Q: You were 38 when you were nominated. You still remember that kind of detail?
Sessions: Well, I remember that case because I had to eat it. [chuckles]
Q: A lot of the controversy was around statements that you had made.
Sessions: I know. And who was present? There were two lawyers from the Civil Rights Division, and one of them was Barry Kowalski, who was the most prominent prosecutor of major civil rights cases in America -- maybe in the history of America -- and he testified at the [confirmation] hearing that it meant nothing and that I would be a good judge. But it didn't make much difference at the time. It didn't make any difference. They made up their mind.
Q: Can you characterize your position on civil rights?
Sessions: I am absolutely a firm supporter of equal rights for every American. I always have been and I always will be. That is a cornerstone of law. Nobody should be discriminated against. Now, we had discrimination in the South. There was no doubt about it. So that's what the civil rights movement was all about.
Now, when I was out there, I signed 10 pleadings attacking segregation or the remnants of segregation, where we as part of the Department of Justice, we sought desegregation remedies -- the takeover of school systems, redrawing lines -- all those things that I was allowed to participate in supporting.
So, I really -- it was not a pleasant experience. But one of the things that I learned from that was that a nominee can be unfairly abused. I mean, you're up there and they throw out somebody on the committee or otherwise make some charge and you don't have a very good opportunity to rebut it.
Q: It sounds like that's going to give you some empathy for the nominee.
Sessions: I've said that many times. I have a lot of empathy for the poor slob sitting down there.
Q: That would be a real-world experience?

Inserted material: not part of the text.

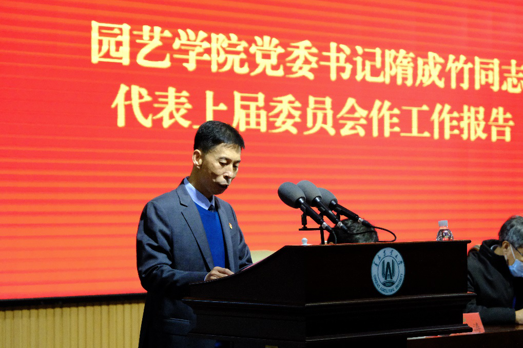 党员大会在庄严的国歌声中拉开帷幕。隋成竹同志代表学院上届委员会作了题为《坚持立德树人 强化学科引领 服务国家战略 奋力开创高质量发展新局面》的工作报告,回顾了学院五年来取得的主要成绩,总结了主要经验,分析了学院发展存在的问题,明确了今后五年发展目标和主要任务。报告指出:allwincity万象城官方网站在校党委、校行政正确领导下,深入贯彻落实新时代中国特色社会主义思想,强化党组织和党员队伍建设,积极进取,奋力开拓,实现了高质量发展阶段性突破。成功获批园艺学博士点,实现办学层次提升;加强学科团队优化整合,科研工作全面提升;坚持引育并举,优化师资队伍;加强专业内涵,深化教学改革;对接黄河重大国家战略,积极开展社会服务;党建带团建,育人质量不断提升;加强对外交流,合作办学成效显著。站在新起点,面向新征程,学院要坚持以习近平新时代中国特色社会主义思想为指导,深入学习贯彻党的二十大精神,在校党委、校行政的坚强领导下,以高质量党建引领高质量发展,加强发展宏观思维和顶层设计,扎实落实十四五发展规划,强化学科建设龙头地位,突出教学中心地位,凸显教师队伍主体地位,瞄准人才培养核心目标,聚焦立德树人根本任务,实施党建引领、人才强院、学科提升、专业建设、科研提升、学生品牌创建、文化引领等系列工程,推动办学水平持续提升。

Sessions: Yeah, that's a real-world experience. But someone sitting down at the committee, and all high-morality, you know, judging this poor slob, who's always tried to do the right thing, and looking at his record. Well, what was he thinking? What were the facts? What were all the circumstances that led to this decision? Sometimes people make a mistake. Sometimes they didn't make a mistake at all and they get criticized for it.

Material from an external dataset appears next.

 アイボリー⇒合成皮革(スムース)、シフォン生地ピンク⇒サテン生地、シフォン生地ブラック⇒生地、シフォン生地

Q: Are you looking forward to it?
Sessions: Yeah, I'm looking forward to it. I am excited about it. I mean, 15 years as a federal prosecutor -- I tried a lot of cases, big-time cases, before federal judges, and I think I understand what goes on every day before courts of law. But a lot of our members are so infected with the political process that they don't understand that. I mean, I love the practice of law, and it's just a wonder what we have in this country, and it is so unique.
Q: What do you say when you hear some moderate Republicans worry that you might lend the party a face that is more conservative, more Southern-sounding or more contentious than they think the party needs right now?
Sessions: I think we have to do the right thing. And so I think our committee should follow our principles. But I'm just one member. I had my views when Senator Specter was chairman, and I didn't always agree with him. So I just have one vote. I'm not the spokesman for the Republican Party. I have a responsibility to try to work with our colleagues and make sure that everybody gets the chance to have their say -- which I think Arlen Specter did a good job on. Even if he didn't agree with someone, he would push the chairman to make sure we had our chance to at least get our amendment. So that's about all you do. I don't speak for the Republican Party on legal issues; I only speak for myself.